● What to work on: With the pictures omitted, set down exactly the lines from the one that contains "Kutup Bowler 1." through the last line of the data.

● Dataset section:
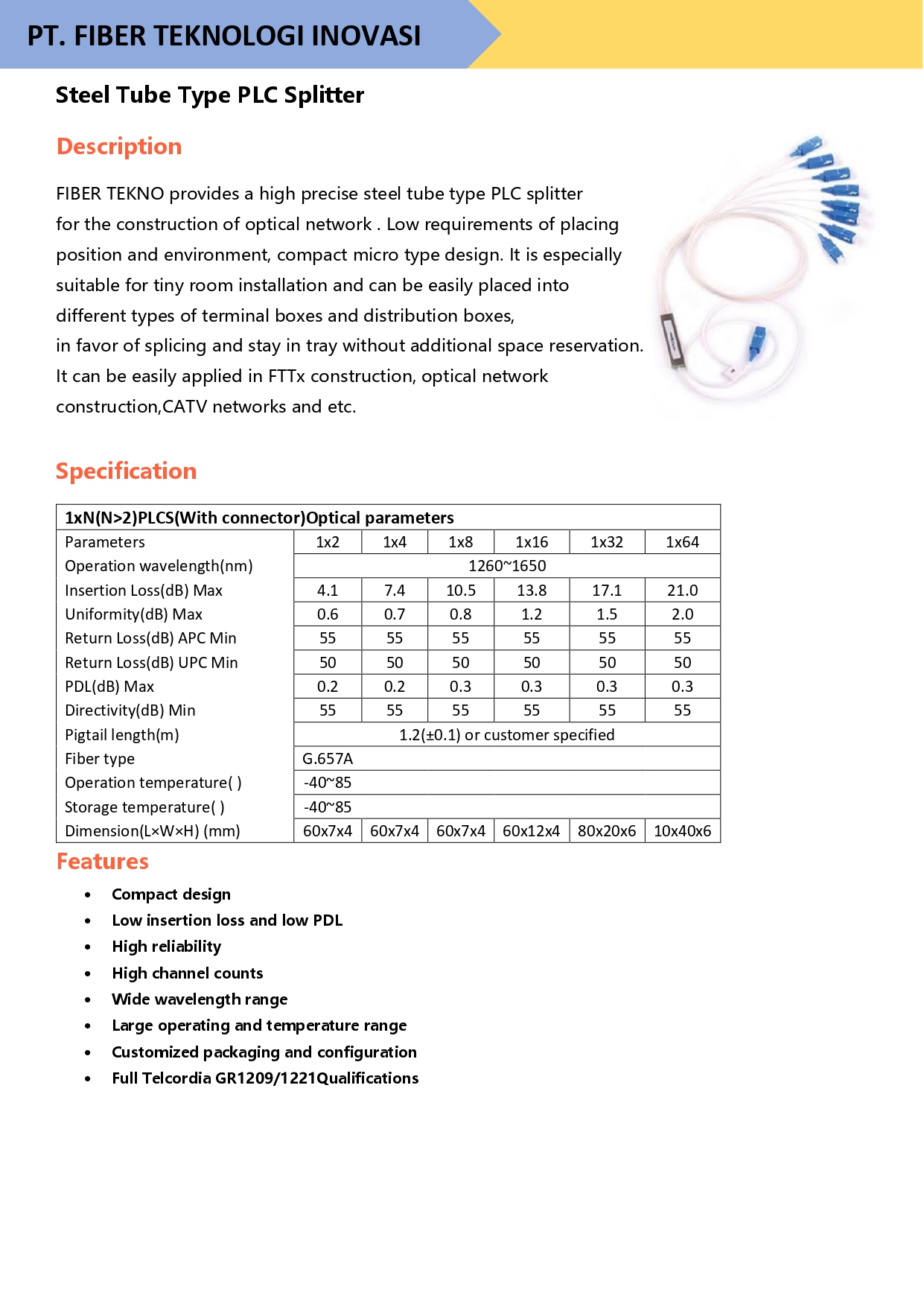 FIBER TEKNO provides a high precise steel tube type PLC splitter
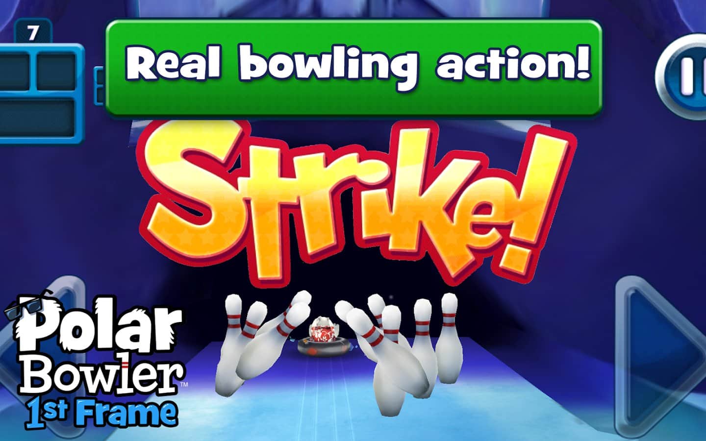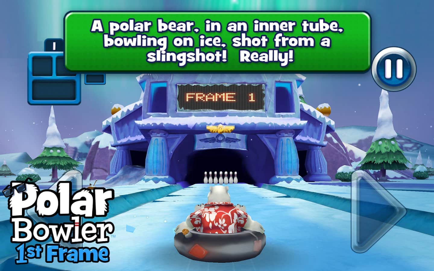 Kutup Bowler 1. Frame - Bu Android oyununda, eğlenceli Arktik ülkesine gitmek ve sıradışı bir bowling oynamak gerekiyor. Ama bu sefer pinleri devirmeyen bir top, siz şişme bir halkada ayı olarak yer alıyorsunuz.
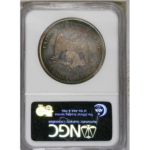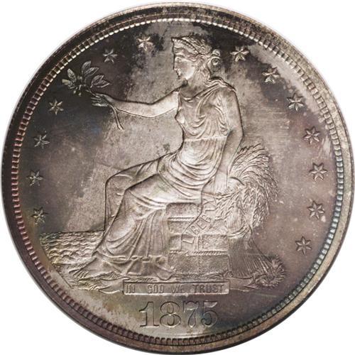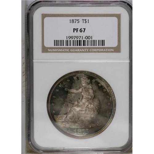 <B>1875<T$1> PR67 NGC.</B></I> Type One Reverse, identified by the presence of a berry beneath the right (facing) claw. Only 700 proof 1875 trade dollars were struck, and based upon our auction records, these pieces appear to be about equally divided between the Type One and Type Two designs. Demand for 1875 proofs is furthered by the scarcity of Mint State examples, since the 1875 has the lowest business strike mintage from Philadelphia. The present Superb Gem is beautifully toned in rich orange, ocean-blue, and ruby-red hues. Post-strike imperfections are essentially absent, and the strike is precise except for the eagle's right (facing) claw. NGC and PCGS combined have certified only five pieces at the PR67 level with none finer (9/06).

● Result of the exercise:
 Kutup Bowler 1. Frame - Bu Android oyununda, eğlenceli Arktik ülkesine gitmek ve sıradışı bir bowling oynamak gerekiyor. Ama bu sefer pinleri devirmeyen bir top, siz şişme bir halkada ayı olarak yer alıyorsunuz.
 <B>1875<T$1> PR67 NGC.</B></I> Type One Reverse, identified by the presence of a berry beneath the right (facing) claw. Only 700 proof 1875 trade dollars were struck, and based upon our auction records, these pieces appear to be about equally divided between the Type One and Type Two designs. Demand for 1875 proofs is furthered by the scarcity of Mint State examples, since the 1875 has the lowest business strike mintage from Philadelphia. The present Superb Gem is beautifully toned in rich orange, ocean-blue, and ruby-red hues. Post-strike imperfections are essentially absent, and the strike is precise except for the eagle's right (facing) claw. NGC and PCGS combined have certified only five pieces at the PR67 level with none finer (9/06).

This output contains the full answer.